Chris Withers chrisw@nipltd.com
Wed, 28 Nov 2001 14:37:57 +0000


Casey Duncan wrote:
> 
> > > I would be willing to help both in coding and getting the code put into
> > > the Zope core.
> >
> > <raises hand> me too!

Me three! :-)

Just to put my take on all of this...

As some of you may know, I've been looking at indexign for a while now in one
way or another...

> > I'm interested in this too, and I'm keen to get a solution that will
> > work with just the ZODB, without needing all of Zope.
> 
> Yes, I second, third and forth that motion. I have a bunch of ideas kicking
> around for ZODB-level indexing. Let's talk more. 

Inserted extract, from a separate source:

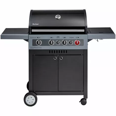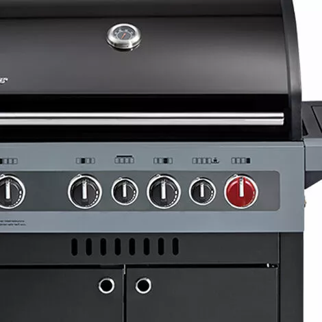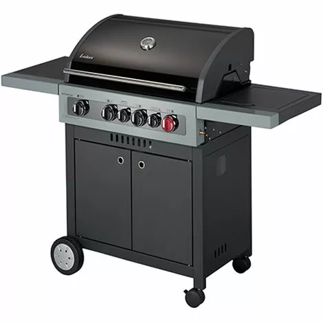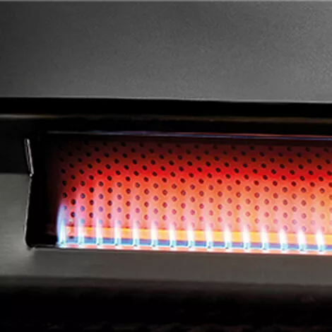 PRATIQUE & EFFICACE Grille en inox (en quatre parties) pour une distribution homogène de la chaleur et un nettoyage facile ; Brûleur arrière infrarouge (4 kW) : pour des viandes à la fois juteuses et croustillantes ; Foyer latéral (3,15 kW) : pour la préparation des accompagnements ; peut également servir de surface de stockage une fois le couvercle fermé ; Une vaste grille de maintien au chaud en inox qui se déploie à l’ouverture du couvercle ; 4 brûleurs en inox pour une puissante cuisson directe ou indirecte

I don't believe this is a good idea anymore, especially if you get into any kind
of amount of data.
ZODB simple doesn't seem to scale to indexing very well. You all have no doubt
experienced this with ZCatalog TextIndexes... I have a more flexible and
pluggable indexer written for ZODB (not only Zope! ;-) but it didn't scale to
anything like I needed :-(

FileStorage goes through RAM at a rate of knots. Jim has a patch for this, but I
haven't had a chance o stress test it yet.
bsddb2Storage currently hammers disk meaning it has worse performance when
indexing than FileStorage ;-)

I'm currently working on a MySQL-based full text indexer with phrase matching,
and potentially wildcards some time soon. For me, once this is cracked,
FieldIndexes and the like are trivial in SQL and I intend to encapsulate the
whole thing in a python class for ease of use. This is what I think might be the
best solution; relational databases to tables well, that's what indexing is all
about: tables.

That said, I wasn't aware of Matt's work up until very recently. I'd love to see
an Indexer that didn't require an RDB (or BerkleyDB :-P) and scaled to GigaBytes
of Data...

> Perhaps we should arrange an
> "indexing and catalog" chat on #zope.

...definitely. When shall we set a time and date?

cheers,

Chris